After selling my City Paper in 1987 (started in ’77) I moved to New York to start another weekly, New York Press, which I sold in 2002. Lower Manhattan was still in a shambles after 9/11, and my wife and I decided to move to Baltimore in 2023. We bought a house, our sons liked the city, but it was clear to me, unlike Douthat, that the “halcyon days” were finished.

The accompanying picture is of a barmaid, Betty, at the Rendezvous Lounge on 25th St, just one of so many bars in Baltimore (probably wrong, but back then I thought the city had almost as many such establishments per capita as all U.S. cities, excluding Milwaukee). Jennifer Bishop (who took the photo) and I went to see Betty and her crew every morning at seven a.m. to see night-shift workers off the clock and, I guess, a few standard drunks. I nursed a bottom-shelf tequila and orange juice cocktail (Jen stuck to tomato juice) to blend in, and then wrote a story about it for City Paper.

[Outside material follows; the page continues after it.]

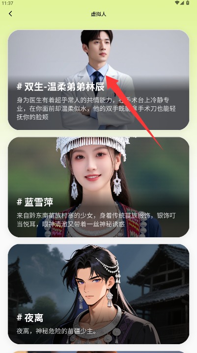 3、进入虚拟人功能主页面选择喜欢的AI角色类型,开始进行智能互动体验流程。
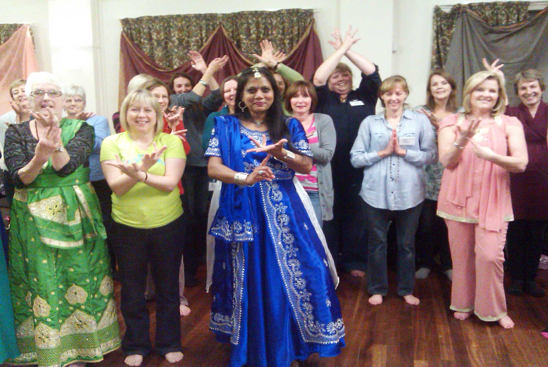 This month we had a great Bollywood themed evening lead by our speaker and Indian dance teacher Dorothy Clarke, who arrived wearing a dazzling royal blue dress embellished with mirrors and beads.

Take a look at the clues to figure out the year: Twelve people killed in bombing at Belfast’s Le Mon restaurant; Freddie Laker is knighted; German terrorist Astrid Proll arrested in London; Laurence Fox is born and Sandy Denny dies; Atlanta Braves finish in last place in N.L. West at 69-93; Goose Gossage is Rolaid Relief Man of the Year; Bob Forsch throws a no-hitter for the Cardinals; The Buddy Holly Story is released; The Coachmen are formed; Chic’s “Le Freak” is a hit; Edward Said’s Orientalism is published; and Donald Coburn wins the Drama Pulitzer Prize.